Even if you’ve never heard the term “FODMAP,” you’ve likely eaten one fairly recently.
FODMAPs are short-chain carbohydrates that – when poorly digested – sit in your large intestine and cause pain, bloating and other problems.
FODMAP is an acronym that stands for:
F – Fermentable, meaning these materials are fermented in the bowels.
O – Oligosacchardies, which are sugar molecules
(“oligo” means “few,” and “saccharide” means “sugar.”)
D – Disaccharides, a double sugar molecule.
M – Monosaccharides, a single sugar molecule.
AP – And Polyols, which are sugar alcohols.
You’ll find FODMAPS everywhere, from the fructose in fruits and vegetables to the lactose in dairy products to the polyols in artificial sweeteners.

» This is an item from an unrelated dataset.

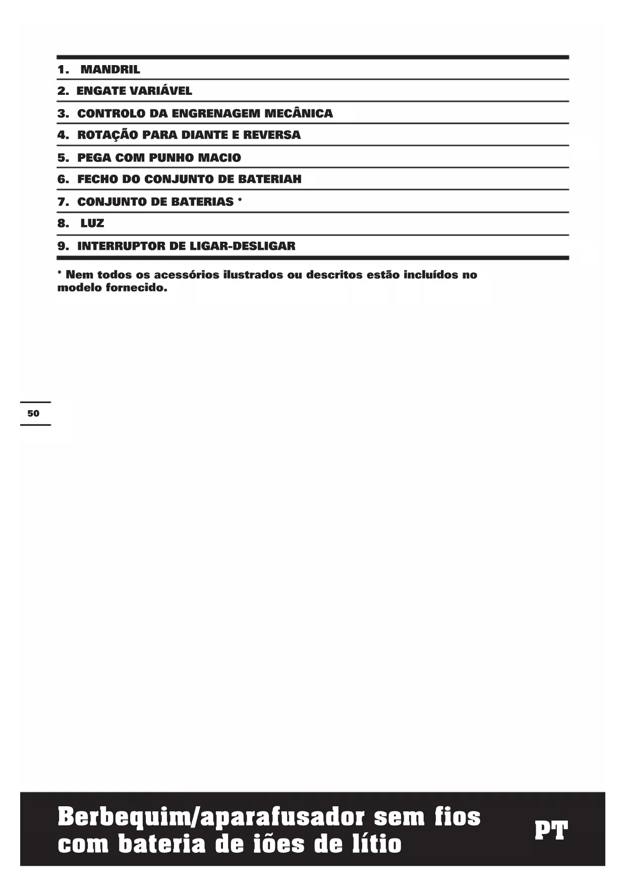 - Nem todos os acessórios ilustrados ou descritos estão incluídos no modelo fornecido.51 Berbequim/aparafusador sem fios com bateria de iões de lítio

There’s also a good chance these foods can lead to digestive disorders, which is why a low FODMAP diet can work wonders for people with chronic gastrointestinal symptoms.
What’s included in a low FODMAP diet?
A good low FODMAP diet can include things such as:
- Gluten-free breads
- Breads and cereals made from oats
- Smoothies made from low FODMAP fruits and vegetables and lactose-free milk
- Roasted, grilled or steamed low FODMAP vegetables
- Lactose-free yogurt or Greek yogurt
- Carrot sticks with cottage cheese as a snack
Strategies for incorporating a low-FODMAP diet
1. Don’t go it alone
You can’t just diagnose yourself with IBS. Talk to your doctor first, and if they confirm you have irritable bowel syndrome, talk to a dietician who has experience in designing a low FODMAP diet.
2. Don’t expect too much
“It’s important to have realistic expectations about what FODMAPs can do for you,” says Patsy Catsos, a dietician and co-author of IBS-Free Recipes for the Whole Family.
Writing on the International Foundation for Functional Gastrointestinal Disorders website, Catsos argues it’s important to first learn how your body reacts to FODMAPS so that you can better manage your IBS.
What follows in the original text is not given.